AV Blog 8: Paper Review: Efficient Universal Perception Encoder
Reviewing FAIR EURPE — Efficient Universal Perception Encoder.
(Note: This post was produced WITHOUT LLMs)
| GitHub | Project Page | ArXiv |
Foundation vision encoders can be convolutional neural networks or vision transformers trained by full supervision (like SAM), weak supervision on image-text pairs (like CLIP), or self-supervision (like MAEs).
A single visual foundation model usually excels in one or two task domains, like image-text alignment or dense prediction (like depth, semantic segmentation…). Downstream applications require careful selection of a specific encoder to avoid performance degredation. FAIR’s Perception Encoder (PE, https://arxiv.org/abs/2504.13181) proposes to unify many downstream tasks at various depths in a single vision encoder.
However, the authors wonder about aggregating multiple domain experts into a single model.q RADIO distills multiple teacher models, which works well for large students but fails for small efficient models. Efficient, fast models are vital for AI on the edge and real-time applications. Self-driving cars, perhaps!
The research proposes a training recipe for efficient encoders, which is first scaling the models up then down. They first implement a proxy teacher which is a large model to distil multiple-expert information. Then train an efficient student from this proxy teacher.
Caption: SOTA across both spatial, captioning,
Caption: Multi-stage distillation pipeline first unifies multiple experts in a single heaviweight model before distillation into an efficient student - first at fixed resolution, then multiple resolutions!

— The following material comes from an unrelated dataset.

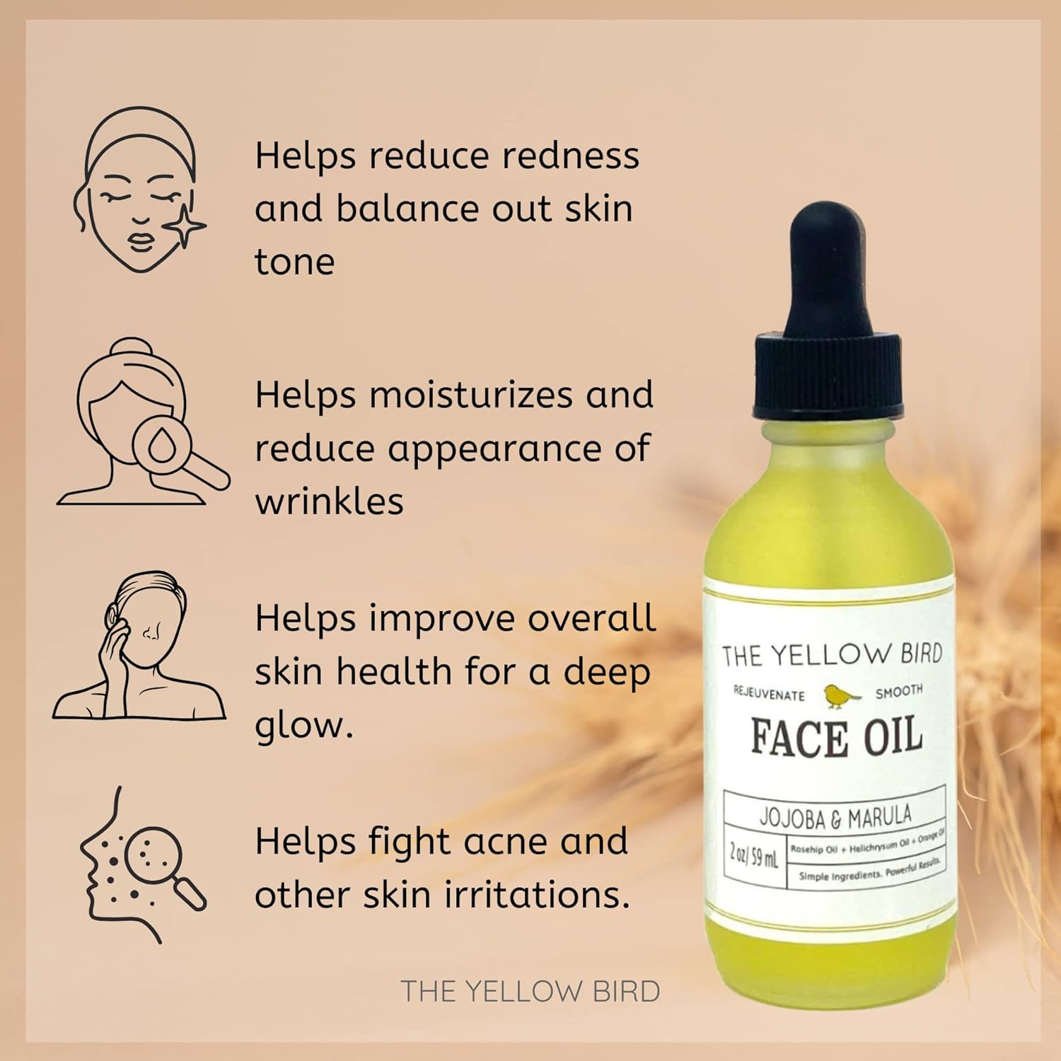 Yellow Bird Nourishing Face Oil - All Natural Hydrating, Anti Aging Facial Serum. Includes Jojoba, Marula, Primrose, & Rosehip for Restoring Skin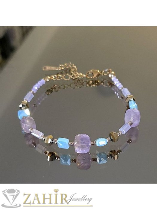 Гривната е изцяло ръчна изработка от естестени камъни и стоманени елементи . Всяка гривна е уникална и може да бъде намерена и закупена само онлайн от магазин Захир на намалена промо цена

Caption: EUPE-ViT-B generally performs across image understanding, VLM OCR, scene knowledge, and dense predicition tasks simultaneously
Research Proposal: Maybe our RAP 3D image encoder could be another teacher in the recipe which we then distill?
They demonstrate that this pipeline leads to efficient models which can outperform domain experts when transfering to downstream tasks - even outperforming DINOv3 on dense prediction downstreams!
Contributions:
-
Scale-up scale-down distillation recipe (new take on agglomerative methods like RADIO).
-
A zoo of efficient models (I’m interested in exploring here, especially for video streaming).
-
Study on distillation recipe for training stages, teachers, hyperparameter choices.
Research Proposal
- Swap the backbone in our RAP setup: RAP currently uses DINOv3-H as its vision encoder. It would be straightforward to substitute the universal encoder here and re-run the NAVSIM benchmark — clean apples-to-apples comparison.
- Distillation into a lightweight variant: The full model is 72M params, which is reasonable but not edge-friendly. TinyViT-style distillation from this encoder into a smaller student could be worth doing.
- Cross-benchmark evaluation: Worth checking how the encoder holds up on Bench2Drive’s closed-loop eval, where sensor noise and distribution shift matter more. Is this model resilient to augmentations or common driving scenarios?
Don’t take my word for it — read their work.